Wednesday, February 08, 2006

Review - Derailed


There is plenty of potential on show in Derailed. Director Mikael Håfström won rave reviews and an Oscar nomination for his debut film Evil, while screenwriter James Beattie’s last effort was Michael Mann’s hugely entertaining thriller Collateral. As for the cast; Clive Owen is appearing here after his Oscar-nominated turn in Closer, Vincent Cassel can be one of the most interesting actors around when he’s on top of his game, and Jennifer Aniston is a woman with something to prove as she tries to break free of her TV persona and establish herself as a serious film actress.

Where did it all go wrong? Derailed starts off badly and rapidly gets even worse. It’s a glossy, tired, yuppie-in-peril thriller; the likes of which we’ve seen a million times before. But we’ve rarely seen it executed in such a slipshod fashion, and as this sub-Hitchcock nonsense spirals out of control we come to realise that we’re watching a film of rare ineptitude. Derailed is the first train to depart from the Weinstein brothers’ new station, and it flies off the rails with startling ease.
In Hollywood films, the guy who cheats on his wife is generally made to suffer for it, and here Clive Owen plays the sort of role that Michael Douglas was making his own around 15 years ago. Owen is Charles Schine, a married father who has a good job, a loving wife (Melissa George) and a cute little daughter whose advanced diabetes is putting a serious strain on the family finances. One of the major early flaws of Derailed is the fact that Schine is a very hard character to feel any sort of empathy for. He cheats on his wife, and ends up risking the life savings they’ve built up which in turn threatens his daughter’s healthcare; most viewers will feel he deserves everything he gets.

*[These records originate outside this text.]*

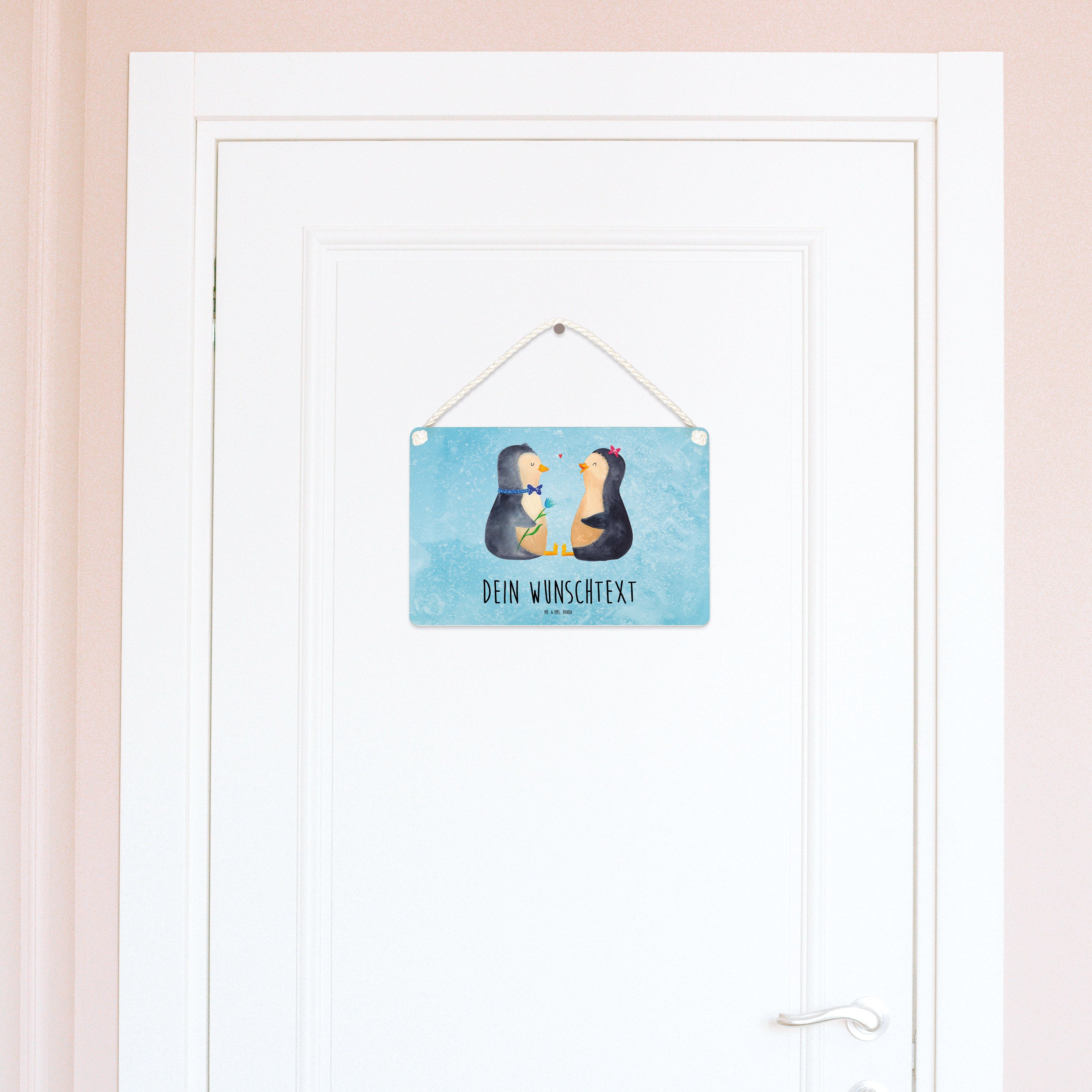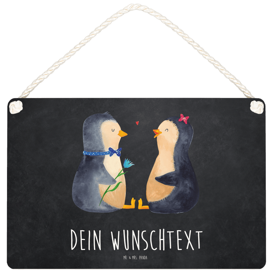 Personalisiertes Deko Schild Pinguin Pärchen - DIN A6 - Kreidetafel
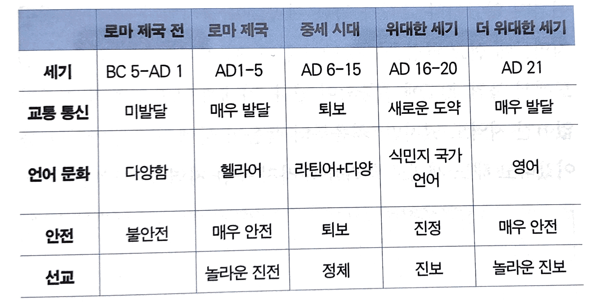 1) 로마제국의 기독교 전파 : 도로의 건설과 정비, 코이네 헬라어의 보급, 로마제국의 안전
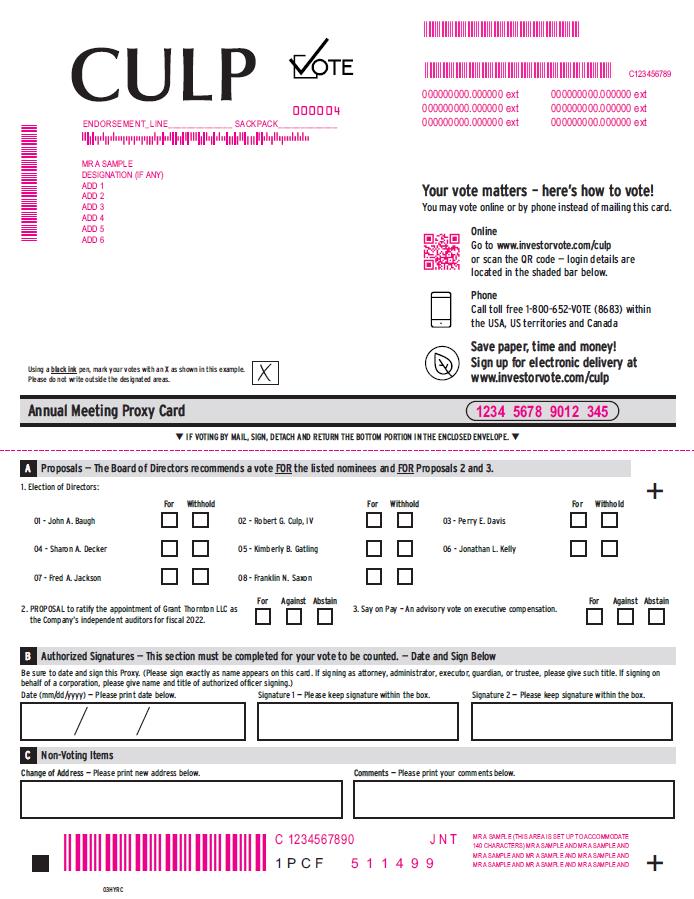 CULP VOTE 000004 C123456789 000000000.000000 ext 000000000.000000 ext 000000000.000000 ext 000000000.000000 ext 000000000.000000 ext 000000000.000000 ext ENDORSEMENT_LINE______________ SACKPACK_____________ MR A SAMPLE DESIGNATION (IF ANY) ADD 1 ADD 2 ADD 3 ADD 4 ADD 5 ADD 6 Your vote matters – here’s how to vote! You may vote online or by phone instead of mailing this card. Online Go to www.investorvote.com/culp or scan the QR code — login details are located in the shaded bar below. Save paper, time and money! Sign up for electronic delivery at www.investorvote.com/culp Phone Call toll free 1-800-652-VOTE (8683) within the USA, US territories and Canada Using a black ink pen, mark your votes with an X as shown in this example. Please do not write outside the designated areas. Annual Meeting Proxy Card 1234 5678 9012 345 IF VOTING BY MAIL, SIGN, DETACH AND RETURN THE BOTTOM PORTION IN THE ENCLOSED ENVELOPE. A Proposals — The Board of Directors recommends a vote FOR the listed nominees and FOR A Proposals 2 and 3. 1. Election of Directors: For Withhold For Withhold For Withhold 01 - John A. Baugh 04 - Sharon A. Decker 07 - Fred A. Jackson 02 - Robert G. Culp, IV 05 - Kimberly B. Gatling 08 - Franklin N. Saxon 03 - Perry E. Davis 06 - Jonathan L. Kelly 2. PROPOSAL to ratify the appointment of Grant Thornton LLC as the Company’s independent auditors for fiscal 2022. For Against Abstain 3. Say on Pay – An advisory vote on executive compensation. For Against Abstain B Authorized Signatures — This section must be completed for your vote to be counted. — Date and Sign Below Be sure to date and sign this Proxy. (Please sign exactly as name appears on this card. If signing as attorney, administrator, executor, guardian, or trustee, please give such title. If signing on behalf of a corporation, please give name and title of authorized officer signing.) Date (mm/dd/yyyy) — Please print date below. Signature 1 — Please keep signature within the box. Signature 2 — Please keep signature within the box. C Non-Voting Items Change of Address — Please print new address below. Comments — Please print your comments below. C 1234567890 J N T 1 P C F 5 1 1 4 9 9 MR A SAMPLE (THIS AREA IS SET UP TO ACCOMMODATE 140 CHARACTERS) MR A SAMPLE AND MR A SAMPLE AND MR A SAMPLE AND MR A SAMPLE AND MR A SAMPLE AND MR A SAMPLE AND MR A SAMPLE AND MR A SAMPLE AND 03HYRC
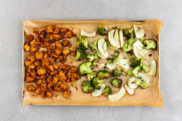 Den Backofen auf 240°C (220ºC Umluft) vorheizen. Den Brokkoli in mundgerechte Röschen zerkleinern und den Strunk in ca. 0,5cm dicke Scheiben schneiden. Die harten Stängel des Fenchels entfernen und ggf. vorhandenes Fenchelgrün für die Garnitur aufbewahren. Den Fenchel längs halbieren und eine Hälfte längs in ca. 2cm dicke Spalten schneiden.

What he gets is a whole lot of trouble. After forgetting his fare on the train to work one morning, Charles’ embarrassment is saved by an attractive stranger who offers to pay for him. Lucinda (Aniston) throws a shapely leg Charles’ way and he’s immediately smitten. She’s married too, but after a flirtatious lunch the pair’s relationship accelerates quickly and they book into a shabby hotel for a night of passion. However, their coitus is interrupted by French mugger LaRoche (Cassel), who beats Charles, rapes Lucinda, and makes off with their wallets. When both have recovered, Lucinda refuses to go to the police for fear of their affair being exposed; but Charles is soon being blackmailed by LaRoche and, as the price for the crook’s silence escalates, the normally placid businessman is forced to take drastic action.

I suppose there’s nothing really wrong with this set-up per se, it’s just that we’ve really seen it all before and Derailed never looks like doing a single imaginative thing with it. The film has been adapted from James Siegel’s novel, and I can only hope for the book’s sake that some semblance of plausibility and structure has been lost in translation. Stuart Beattie’s screenplay is an unbelievable and inconsistent jumble of plot holes and clichés, with a series of increasingly ludicrous twists being thrown in as the film progresses. With such shoddy material at his disposal Håfström tries to give it some surface style at least, and the film is certainly slick and polished, but Peter Biziou’s impressive noir-ish camerawork is better than Derailed deserves.

All of the film’s characters are wafer-thin, and none of them manage to gain our sympathy or interest. Viewers who were surprised by Owen’s witty and charismatic turn in Closer will be disappointed to hear that he appears to have only borrowed a personality for one film, and his non-performance here is stupendously dull. In contrast, Cassel turns everything up to eleven as the psycho behind all Charles’ woes. He taunts his victim at every turn as he stays one step ahead of the game, and his manic display at least gives the film a dash of unpredictability here and there. He also contributes to one highly amusing scene in which he takes Charles’ testicles hostage.

And what of poor Jennifer Aniston in all this? Well, here the film suffers a near fatal piece of miscasting by dumping this actress in a role she is woefully unsuitable for. Aniston may be many things - she is a perfectly adept comic actress for one - but a Femme Fatale she is most definitely not. Floundering in her attempt to make the most of her bland sexuality, Aniston never looks comfortable as the supposedly alluring seductress for whom men will risk everything. It’s a blatant attempt to explode her girl-next-door image which backfires horribly and while Aniston still looks the most likely Friends star to make it on the big screen, projects like this can only hinder, rather than help, her cause.

Derailed ends up looking like the kind of film Adrian Lyne has churned out on so many occasions but without any of the sex which normally comes as standard. The closest the film does get to including any sex is a particularly nasty rape scene which, since we don’t care a whit for these characters, comes of looking especially cheap and gratuitous. The final act is truly awe-inspiring in its feebleness, with Owen’s previously dull-witted stooge suddenly becoming a quick-witted killing machine, and by the time the filmmakers deliver the laughable final twist in the tale, few viewers will be able to summon up the energy to register even the merest hint of surprise or interest.

Is there anything of merit in this film? Well, Cassel is at least lively, and I liked the supporting turn from rapper RZA (who, along with co-star Xzibit, has a name more imaginative than anything in the script), but Derailed is lacking in so many areas that the few bright spots are quickly engulfed by the overwhelming sense of pointlessness the film provokes. It’s a lurid, lazy and incredibly stupid film; and its only saving grace may be that it can lay claim to possessing the most appropriate title of the year.